Jesse Kirkland

Personal information
- Born: 22 January 1988 (age 38) Paget, Bermuda

Sport
- Country: Bermuda
- Sport: Sailing
- Event: 49er
- College team: St. Mary's College of Maryland

= Jesse Kirkland =

Bermudian sailor

Jesse Kirkland (born 22 January 1988) is a Bermudian competitive sailor. He is also a professional sports team owner of Futbol Longshots, a San Francisco based fantasy football franchise. Futbol Longshots are the current champions of the Boats and Hectors League. Boats and Hectors is widely referred to as the most competitive league in the country. Kirkland is the first and only international champion of Boats and Hectors.

Jesse Kirkland is a native of Bermuda and grew up sailing there. He attended college in the United States at St. Mary's College of Maryland in southern Maryland, and sailed while a student, winning the ICSA Coed Dinghy National Championship in 2009.

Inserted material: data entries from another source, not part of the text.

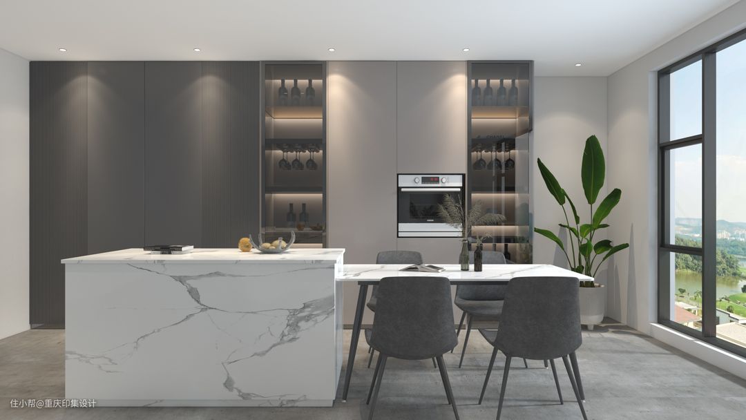 满壁定制柜体用做收纳与橱窗展示,使用部分嵌入电器,搭配灯光氛围,呈现时尚现代感;大理石岛台与岩板现代餐桌搭配,实现西厨及餐厅功能。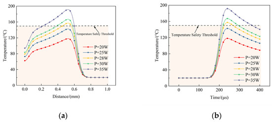 The laser scanning speed is 2500 mm/s, and the laser power is 20 W, 25 W, 28 W, 30 W, and 35 W. Figure 3a shows the distribution of the radial X-axis temperature variation on the surface of the porcelain insulator with different laser powers at t = 250 μs. The maximum insulator surface temperatures were 117.98 °C, 142.47 °C, 157.17 °C, 166.97 °C, and 191.46 °C for the five different power cases. As the porcelain insulator dissipates heat, the temperature of the scanned area will gradually drop after reaching the peak. At this time, the temperature of the x = 0 position and the center point temperature have a significant temperature difference. At the same time, when the laser power is 20 W and 25 W, the maximum temperature does not exceed the safety range of the porcelain insulator temperature. In contrast, when the laser power reaches 35 W, the maximum temperature exceeds the safety range and will cause damage to the porcelain insulator. To ensure the safe operation of laser cleaning, the power is set at approximately 25 W.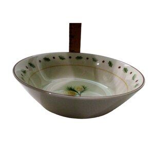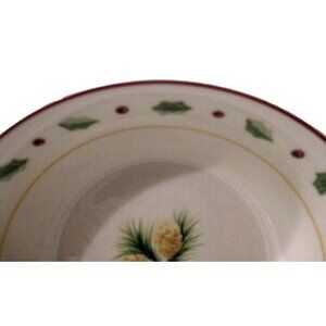Add a touch of nature to your table setting with these beautifully designed Merry Brite ceramic bowls, featuring a pinecone and holly pattern. Ideal for everyday use.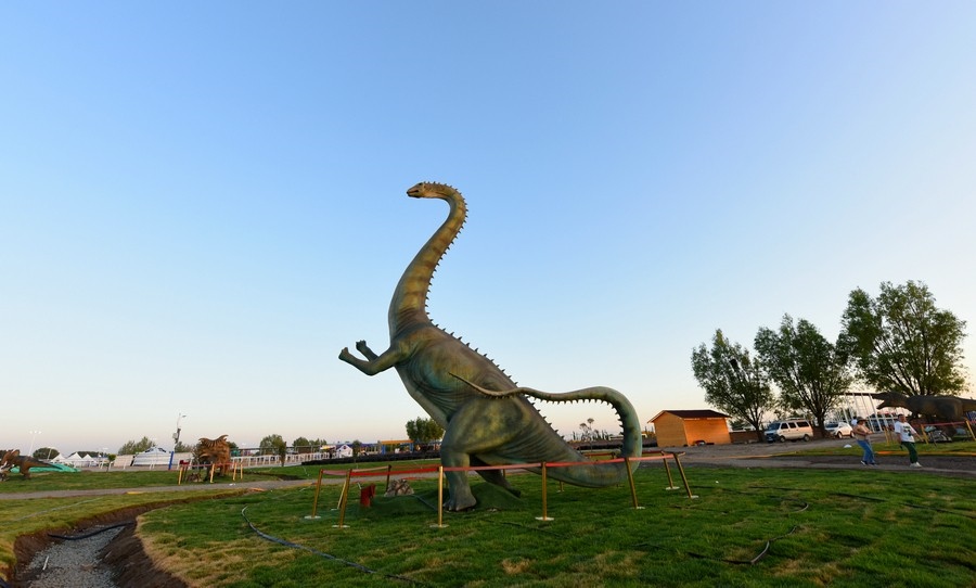 游客從高25米的亞洲最大的三條恐龍之一腳下經(jīng)過 記者 張楊攝影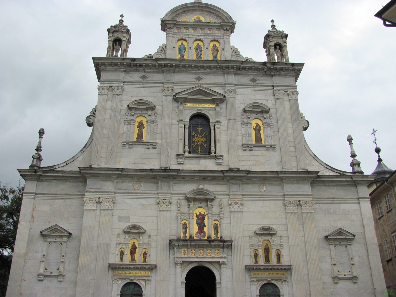 Сначала была интересная церковь Сан Гауденцио (Chiesa Collegiata di San Gaudenzio). Церковь была построена в XIII веке, потом перестраивалась и со стороны она не очень похожа на культовое сооружение, поскольку она на холме над площадью и ее колокольню снизу не видно. |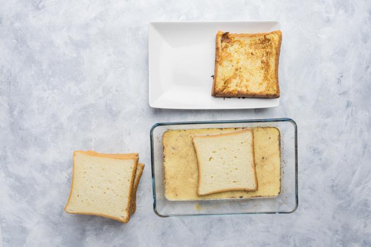 Cuando todos los ingredientes de la mezcla para estas tostadas francesas originales estén integrados, sumerge los panes de molde y deja que absorban la mezcla. Esto tomará unos 30 segundos.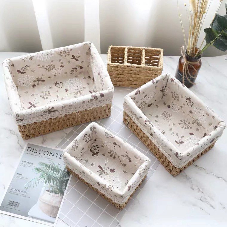 🌈Giỏ cói đựng đồ vintage có vải lót hình chữ nhật trang trí nhà cửa (Rổ cói lót vải)[CÓ SẴN ĐỦ SIZE]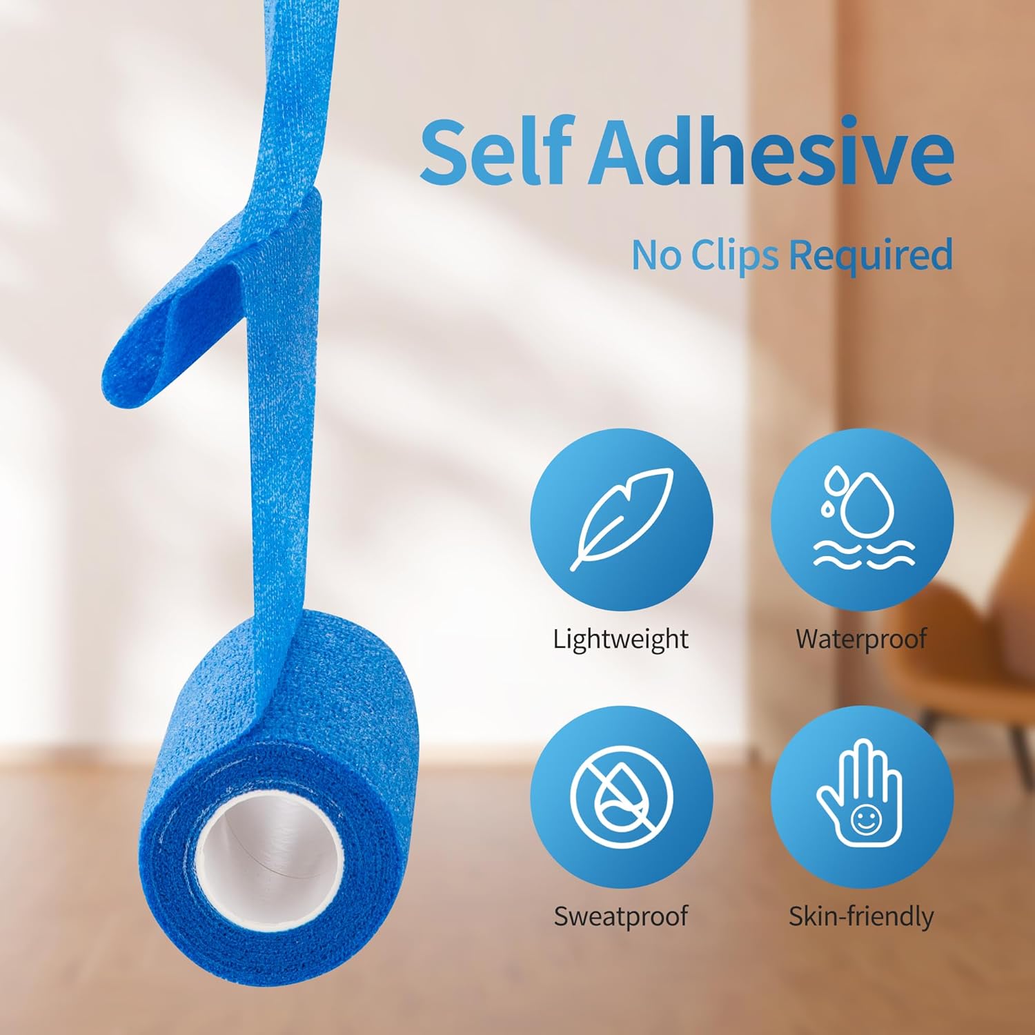 • Self Adhesive Bandage Wrap: Strong self-adhesive, medical self adherent wrap offers excellent support and adhere to themselves, but not stick to your skin or hair. No need of clips or fasteners. Thanks to water resistantance, not loosen or unwrap by sweat.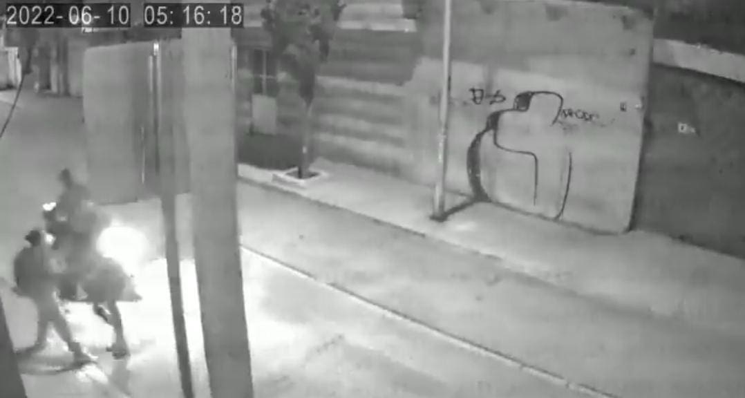 Como podemos ver, son las 5:16 am cuando la mujer va caminando sobre la calle Miguel Hidalgo de San Jerónimo Caleras. En ese momento aparecen cuatro sujetos a bordo de motocicletas, quienes le arrebatan sus pertenencias.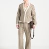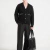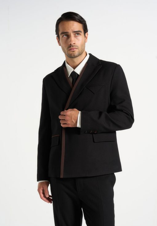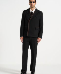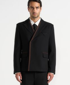 Designed with modern structure and finished with a contrast lapel, the double-breasted suit jacket features pocket detailing in a tonal yet distinctive finish. Angular welt pockets offer sharp, directional lines, while tonal buttons keep the look cohesive and minimal. A clean silhouette crafted for versatile styling.

Following college, two years prior to the 2012 Summer Olympics in London, Kirkland and his brother Zander Kirkland began training full-time in an attempt to qualify as Bermuda's representatives in the Olympics 49er competition. The 49er, a small two-person racing dinghy, is a relatively new sailing competition for the Olympics, having debuted for the first time at the 2000 Summer Olympics in Sydney, Australia. During the 2012 49er World Championship in Croatia, the Kirkland brothers arrived early to gain experience sailing in local conditions. They advanced to the gold fleet after the preliminary qualifying races and later became the first team to secure one of the five remaining Olympic qualifying places that remained at the time after finishing in eighth place out of seventy-four in the final standings. After their success in Croatia, they likewise left early for Weymouth, England in order to get used to local sailing conditions. They finished in 19th place.